Xi Jinping inspects a guard of honour in Moscow, June 2019
Xi Jinping inspects a guard of honour in Moscow, June 2019. Photograph: Alexander Nemenov/AFP/Getty Images

What does Dikötter’s history tell us about power in China and how it is wielded? As a serious historian, he starts by pointing out how little we know, referencing China analyst James Palmer’s 2018 essay in Foreign Policy, catchily entitled: Nobody knows anything about China, including the Chinese government. He cites the dilemma of the Chinese prime minister, Li Keqiang, who described China’s figures for domestic output as “manmade and therefore unreliable” and was reduced to triangulating the figures with measurements of electricity usage, to try to arrive at a more accurate guess.

“Every piece of information,” Dikötter writes, “is unreliable, partial or distorted. Where China is concerned,” he concludes, “we don’t even know what we don’t know.”

There are degrees of ignorance, nevertheless, and Dikötter is one of today’s major historians of China: he has been mining Chinese primary sources for decades – party records, provincial budgets and, when available, official records. For this volume, he draws on 600 documents from municipal and provincial archives, as well as conventional sources such as Chinese news media.

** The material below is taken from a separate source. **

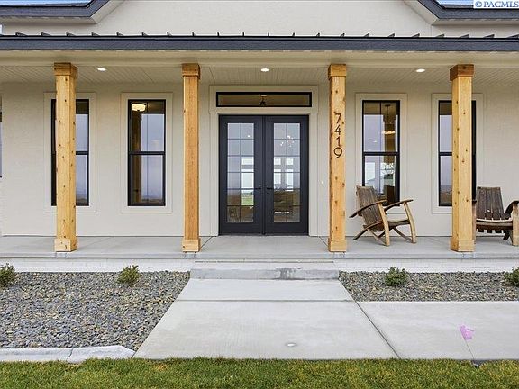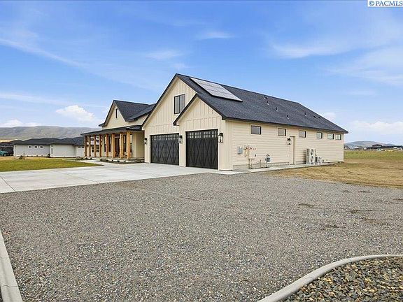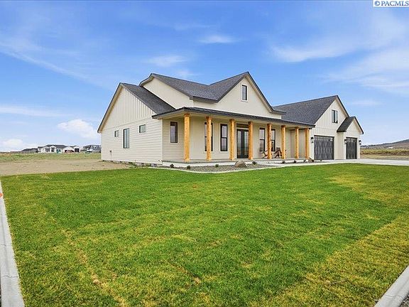 MLS# 286089 Now complete and move in ready! Welcome to Harvest Ridge, where timeless design meets wide open space on a full acre in one of the Tri Cities’ most peaceful acreage communities. This stunning new Brett Lott home offers over 4,000 sq ft of beautifully designed, light filled living with 5 bedrooms and 4 baths. A flexible floor plan includes a separate office and a bonus room with its own mini split that easily functions as a fifth bedroom, ideal for guests, a playroom, or a home gym. Entertain with ease in the gourmet kitchen featuring a 36 inch Bosch gas range, built in fridge and freezer, and generous prep space, all overlooking spacious living areas accentuated by vaulted ceilings, black framed floor to ceiling windows, rich engineered hardwoods, and custom archways. The luxurious primary suite showcases stained ceiling beams, a spa inspired bath with freestanding tub, and a walk through shower. A 4 car garage provides ample room for vehicles and toys, while included landscaping enhances curb appeal. Preferred lender Eric Melling is offering incentives of up to 1 percent toward a rate buy up or closing costs are available. Don’t miss your chance to own this exceptional luxury acreage home!

What we learn is that while power and ideology are constantly contested, the Chinese Communist party, even in its most liberal phases, remained wedded to the Stalinist model that Xi’s China increasingly resembles. We also learn, to nobody’s surprise, that absolute truths are highly mutable: in 1940 Mao promised protection of private property, democratic freedoms and a multiparty system, but when the party came to power in 1949 it suppressed rival organisations, burned books and expropriated property. Since Mao in 1937 also reiterated the party’s longstanding policy that Taiwan should be independent once liberated from Japanese imperialism, it comes as no surprise that today’s leaders are obliged to police their historians quite so fiercely.

China in 1985
China in 1985. Photograph: Dean Conger/Corbis/Getty Images

This period of Chinese history was also the most recent manifestation of the century-old battle between liberal ideas and authoritarianism in China, covering as it does the explosion of ideas that followed the death of Mao, manifest in Democracy Wall (1978), the lurching policy reforms of the 1980s, and the democracy movement and its violent suppression in 1989.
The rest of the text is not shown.